◆ Work required: Once you reach the line that contains "The wife of", retype it and each later line exactly as written, stopping only at the end of the listing.
- Opening Delimiter -
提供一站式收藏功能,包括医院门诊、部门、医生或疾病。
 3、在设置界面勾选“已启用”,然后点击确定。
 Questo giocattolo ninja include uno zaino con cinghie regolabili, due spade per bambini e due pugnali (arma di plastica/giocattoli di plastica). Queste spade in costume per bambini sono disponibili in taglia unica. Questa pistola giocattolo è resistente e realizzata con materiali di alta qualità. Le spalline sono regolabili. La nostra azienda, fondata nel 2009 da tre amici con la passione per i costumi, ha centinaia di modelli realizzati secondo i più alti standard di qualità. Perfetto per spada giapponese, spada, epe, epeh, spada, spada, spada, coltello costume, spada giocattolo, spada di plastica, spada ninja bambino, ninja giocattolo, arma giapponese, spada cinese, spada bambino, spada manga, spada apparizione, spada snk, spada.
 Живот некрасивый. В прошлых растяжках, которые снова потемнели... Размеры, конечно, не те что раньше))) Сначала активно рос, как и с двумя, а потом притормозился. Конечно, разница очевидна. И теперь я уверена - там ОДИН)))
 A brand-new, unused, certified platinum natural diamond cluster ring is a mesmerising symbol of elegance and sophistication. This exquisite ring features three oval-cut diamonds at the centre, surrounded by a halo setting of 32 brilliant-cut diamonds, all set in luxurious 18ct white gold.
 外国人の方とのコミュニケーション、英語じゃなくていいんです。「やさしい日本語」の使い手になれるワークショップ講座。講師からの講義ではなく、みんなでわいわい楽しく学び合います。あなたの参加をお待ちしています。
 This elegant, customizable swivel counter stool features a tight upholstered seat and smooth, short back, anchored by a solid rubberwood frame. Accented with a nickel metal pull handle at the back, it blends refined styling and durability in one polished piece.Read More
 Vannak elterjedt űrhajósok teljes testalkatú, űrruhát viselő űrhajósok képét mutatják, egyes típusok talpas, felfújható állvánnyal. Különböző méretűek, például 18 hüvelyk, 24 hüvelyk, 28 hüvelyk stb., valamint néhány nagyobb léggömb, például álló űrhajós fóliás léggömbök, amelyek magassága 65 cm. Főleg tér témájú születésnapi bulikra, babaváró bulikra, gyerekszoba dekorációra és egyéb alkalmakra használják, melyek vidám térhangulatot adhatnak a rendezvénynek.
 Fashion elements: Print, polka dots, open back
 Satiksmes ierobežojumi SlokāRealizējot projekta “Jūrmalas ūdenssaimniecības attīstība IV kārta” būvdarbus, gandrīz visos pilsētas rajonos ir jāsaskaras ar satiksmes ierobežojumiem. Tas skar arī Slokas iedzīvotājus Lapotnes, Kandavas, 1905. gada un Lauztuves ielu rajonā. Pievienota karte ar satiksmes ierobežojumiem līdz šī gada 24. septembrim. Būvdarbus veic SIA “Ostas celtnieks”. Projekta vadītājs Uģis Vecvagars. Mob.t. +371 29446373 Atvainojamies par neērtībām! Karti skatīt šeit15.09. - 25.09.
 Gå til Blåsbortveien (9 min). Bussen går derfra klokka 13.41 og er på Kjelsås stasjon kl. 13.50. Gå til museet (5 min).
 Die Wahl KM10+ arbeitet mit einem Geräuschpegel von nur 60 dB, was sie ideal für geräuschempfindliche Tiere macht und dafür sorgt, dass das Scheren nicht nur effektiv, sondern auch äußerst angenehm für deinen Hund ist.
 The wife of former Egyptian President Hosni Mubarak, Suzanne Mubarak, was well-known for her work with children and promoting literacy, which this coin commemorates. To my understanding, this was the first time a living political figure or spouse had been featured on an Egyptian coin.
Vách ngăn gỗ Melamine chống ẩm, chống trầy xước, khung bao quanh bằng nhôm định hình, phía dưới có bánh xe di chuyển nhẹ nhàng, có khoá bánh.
- Closing Delimiter -
◆ Solution:
 The wife of former Egyptian President Hosni Mubarak, Suzanne Mubarak, was well-known for her work with children and promoting literacy, which this coin commemorates. To my understanding, this was the first time a living political figure or spouse had been featured on an Egyptian coin.
Vách ngăn gỗ Melamine chống ẩm, chống trầy xước, khung bao quanh bằng nhôm định hình, phía dưới có bánh xe di chuyển nhẹ nhàng, có khoá bánh.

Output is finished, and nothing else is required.